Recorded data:
§ §

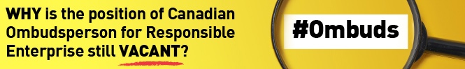 “As one of the authors of the multi-stakeholder CSR Roundtable Report (2007), MiningWatch Canada joined with mining industry representatives in calling on the Government of Canada to establish an Ombudsperson. The need for this office is as great as ever, but it must finally be granted the investigatory powers the government initially committed to and be provided independence from the government.” – Catherine Coumans, Research Coordinator, MiningWatch Canada
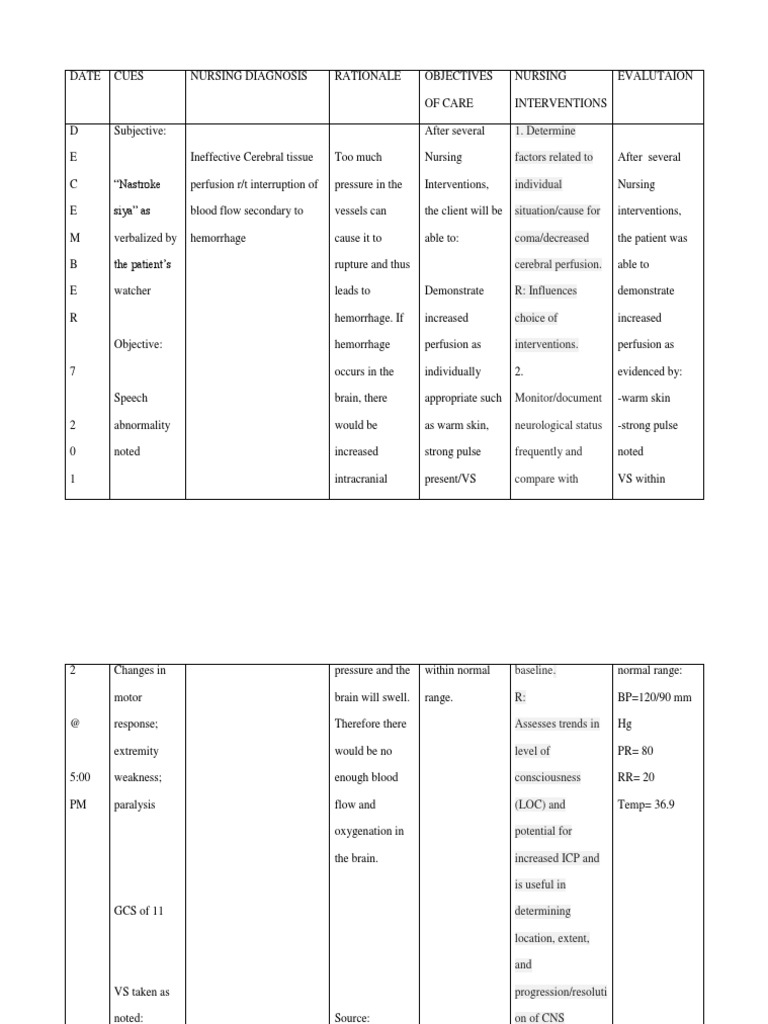 Ineffective Cerebral Tissue Perfusion Nursing Care Plan 6 1 Putting
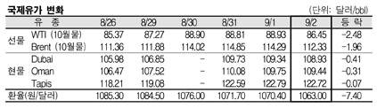 9월2일 108.93달러로 0.41달러 하락 … WTI는 86.45달러로 급락
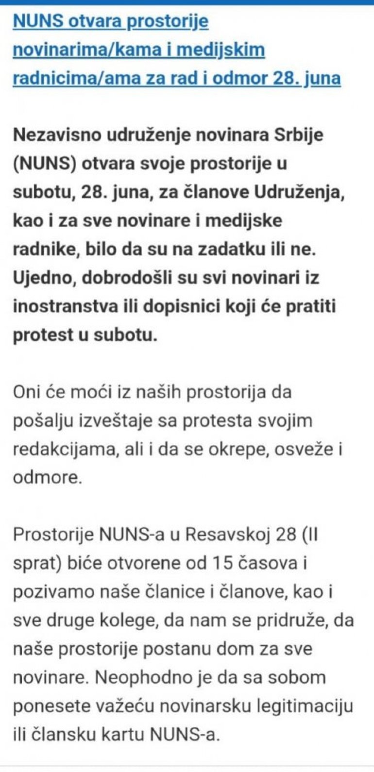 "Таквом одлуком, НУНС се не само сврстао на страну организатора дестабилизације и противуставног деловања, већ је и практично постао саучесник у покушају паралисања државе, под маском бриге за слободу медија. Никада до сада НУНС није показао ни трунку интереса да „отвори врата“ колегама у тренуцима важних и масовних догађаја од националног значаја – али им, изгледа, удобност и освежење новинара постају важне искључиво када је мета држава Србија.
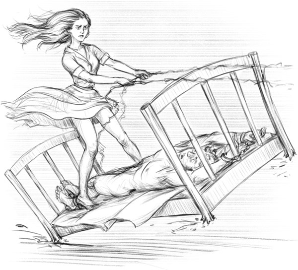 Я вскакиваю на постель, упираясь в одеяло ногами. И чувствую сильный рывок, едва не выдергивающий плечо из сустава.
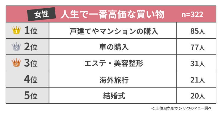 「人生で一番お金をかけたこと」男女500人アンケート調査
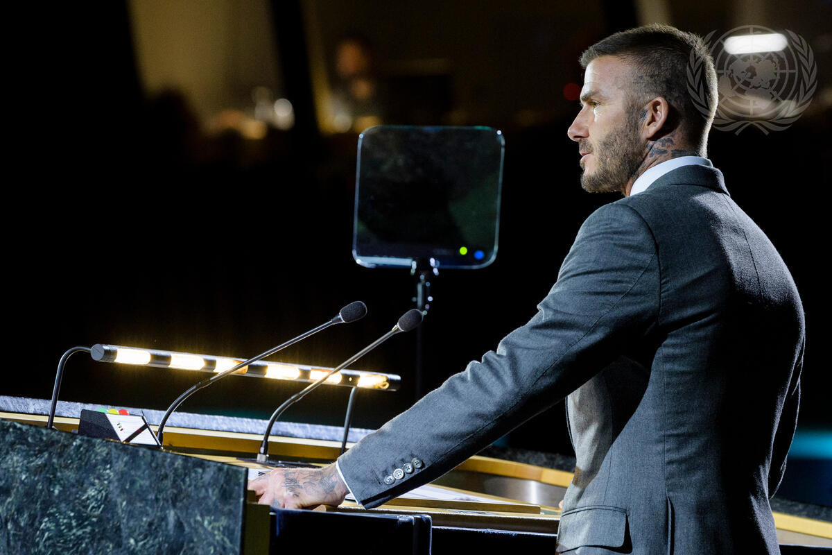 David Beckham, Goodwill Ambassador for UNICEF, speaks at the high-level meeting of the General Assembly on the occasion of the thirtieth anniversary of the adoption of the Convention on the Rights of the Child.
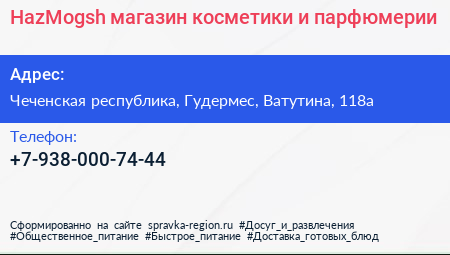 HazMogsh, магазин косметики и парфюмерии по адресу Чеченская республика, Гудермес, Ватутина, 118а в дальнейшем Организация, размещена в следующих категориях:
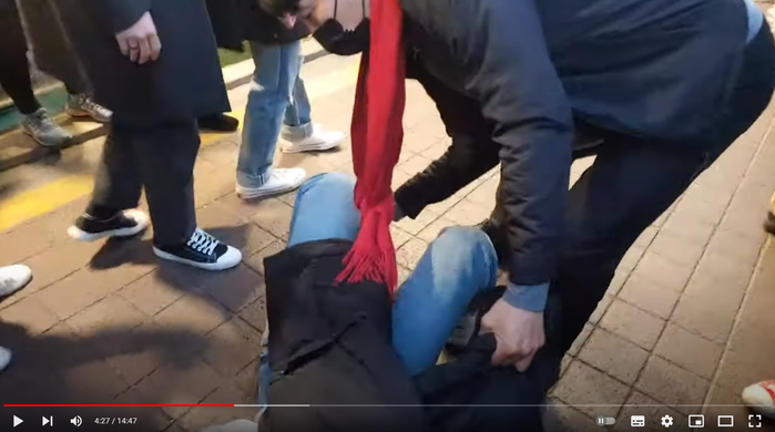 | ▲ 홍대앞 유세 현장에서 넘어트린 여학생을 들어 던지자 일부시민이 제제 |
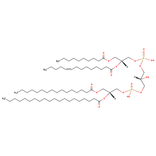 | YMDB11450 | 1-MLCL(0:0/10:0/14:1(9Z)/16:0) | [(2S)-3-({[(2R)-2-(decanoyloxy)-3-hydroxypropoxy](hydroxy)phosphoryl}oxy)-2-hydroxypropoxy][(2R)-2-(hexadecanoyloxy)-3-[(9Z)-tetradec-9-enoyloxy]propoxy]phosphinic acid | C49H94O16P2 1001.223 | |

§ §

- _The task_: Whatever pictures the entries contain, omit them, and write the rest out exactly.

- _The completed task_:
 “As one of the authors of the multi-stakeholder CSR Roundtable Report (2007), MiningWatch Canada joined with mining industry representatives in calling on the Government of Canada to establish an Ombudsperson. The need for this office is as great as ever, but it must finally be granted the investigatory powers the government initially committed to and be provided independence from the government.” – Catherine Coumans, Research Coordinator, MiningWatch Canada
 Ineffective Cerebral Tissue Perfusion Nursing Care Plan 6 1 Putting
 9월2일 108.93달러로 0.41달러 하락 … WTI는 86.45달러로 급락
 "Таквом одлуком, НУНС се не само сврстао на страну организатора дестабилизације и противуставног деловања, већ је и практично постао саучесник у покушају паралисања државе, под маском бриге за слободу медија. Никада до сада НУНС није показао ни трунку интереса да „отвори врата“ колегама у тренуцима важних и масовних догађаја од националног значаја – али им, изгледа, удобност и освежење новинара постају важне искључиво када је мета држава Србија.
 Я вскакиваю на постель, упираясь в одеяло ногами. И чувствую сильный рывок, едва не выдергивающий плечо из сустава.
 「人生で一番お金をかけたこと」男女500人アンケート調査
 David Beckham, Goodwill Ambassador for UNICEF, speaks at the high-level meeting of the General Assembly on the occasion of the thirtieth anniversary of the adoption of the Convention on the Rights of the Child.
 HazMogsh, магазин косметики и парфюмерии по адресу Чеченская республика, Гудермес, Ватутина, 118а в дальнейшем Организация, размещена в следующих категориях:
 | ▲ 홍대앞 유세 현장에서 넘어트린 여학생을 들어 던지자 일부시민이 제제 |
 | YMDB11450 | 1-MLCL(0:0/10:0/14:1(9Z)/16:0) | [(2S)-3-({[(2R)-2-(decanoyloxy)-3-hydroxypropoxy](hydroxy)phosphoryl}oxy)-2-hydroxypropoxy][(2R)-2-(hexadecanoyloxy)-3-[(9Z)-tetradec-9-enoyloxy]propoxy]phosphinic acid | C49H94O16P2 1001.223 | |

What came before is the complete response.